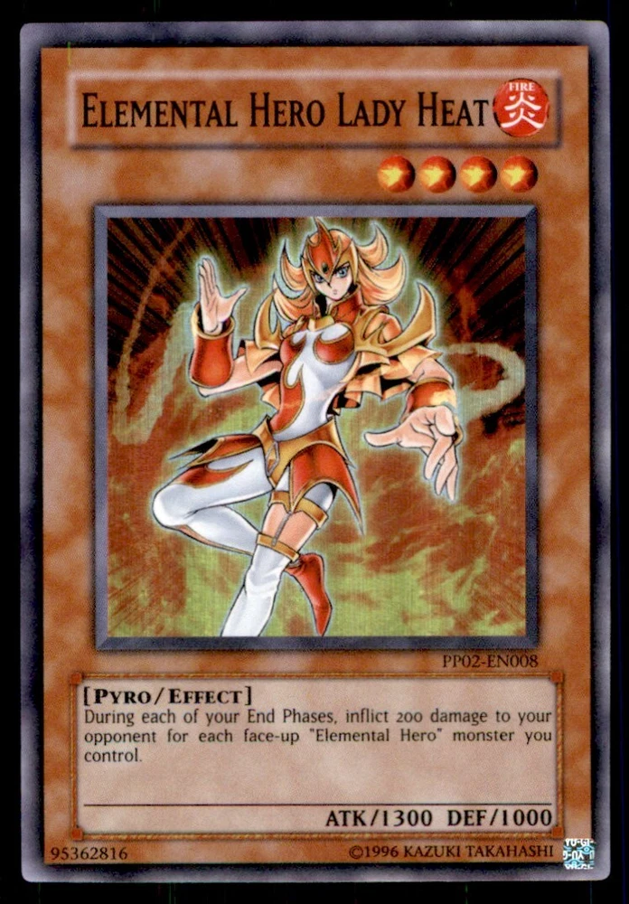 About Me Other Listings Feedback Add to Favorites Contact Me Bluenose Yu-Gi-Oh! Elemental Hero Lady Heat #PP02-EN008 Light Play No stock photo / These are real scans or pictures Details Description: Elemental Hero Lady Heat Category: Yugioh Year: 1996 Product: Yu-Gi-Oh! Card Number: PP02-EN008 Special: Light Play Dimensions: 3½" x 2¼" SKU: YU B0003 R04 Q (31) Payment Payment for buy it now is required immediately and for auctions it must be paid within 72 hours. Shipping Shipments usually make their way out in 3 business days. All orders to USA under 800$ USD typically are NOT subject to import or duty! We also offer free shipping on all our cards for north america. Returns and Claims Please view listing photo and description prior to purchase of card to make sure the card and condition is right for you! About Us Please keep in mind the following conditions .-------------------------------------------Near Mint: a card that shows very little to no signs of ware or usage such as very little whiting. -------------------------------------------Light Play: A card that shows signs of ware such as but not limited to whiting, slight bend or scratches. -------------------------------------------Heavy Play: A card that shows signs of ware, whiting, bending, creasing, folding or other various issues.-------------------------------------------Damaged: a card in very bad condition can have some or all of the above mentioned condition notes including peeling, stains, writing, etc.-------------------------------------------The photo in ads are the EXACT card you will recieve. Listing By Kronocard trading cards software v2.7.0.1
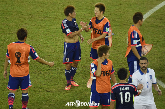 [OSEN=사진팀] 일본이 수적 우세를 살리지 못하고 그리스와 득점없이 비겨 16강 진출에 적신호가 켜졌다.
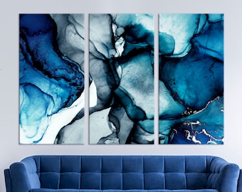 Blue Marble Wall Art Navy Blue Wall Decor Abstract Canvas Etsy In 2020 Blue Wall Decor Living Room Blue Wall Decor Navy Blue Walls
__________
### ASSIGNED TASK
From the first line to the last, output the data exactly, without the pictures.

### COMPLETED EXERCISE
 About Me Other Listings Feedback Add to Favorites Contact Me Bluenose Yu-Gi-Oh! Elemental Hero Lady Heat #PP02-EN008 Light Play No stock photo / These are real scans or pictures Details Description: Elemental Hero Lady Heat Category: Yugioh Year: 1996 Product: Yu-Gi-Oh! Card Number: PP02-EN008 Special: Light Play Dimensions: 3½" x 2¼" SKU: YU B0003 R04 Q (31) Payment Payment for buy it now is required immediately and for auctions it must be paid within 72 hours. Shipping Shipments usually make their way out in 3 business days. All orders to USA under 800$ USD typically are NOT subject to import or duty! We also offer free shipping on all our cards for north america. Returns and Claims Please view listing photo and description prior to purchase of card to make sure the card and condition is right for you! About Us Please keep in mind the following conditions .-------------------------------------------Near Mint: a card that shows very little to no signs of ware or usage such as very little whiting. -------------------------------------------Light Play: A card that shows signs of ware such as but not limited to whiting, slight bend or scratches. -------------------------------------------Heavy Play: A card that shows signs of ware, whiting, bending, creasing, folding or other various issues.-------------------------------------------Damaged: a card in very bad condition can have some or all of the above mentioned condition notes including peeling, stains, writing, etc.-------------------------------------------The photo in ads are the EXACT card you will recieve. Listing By Kronocard trading cards software v2.7.0.1
 [OSEN=사진팀] 일본이 수적 우세를 살리지 못하고 그리스와 득점없이 비겨 16강 진출에 적신호가 켜졌다.
 Blue Marble Wall Art Navy Blue Wall Decor Abstract Canvas Etsy In 2020 Blue Wall Decor Living Room Blue Wall Decor Navy Blue Walls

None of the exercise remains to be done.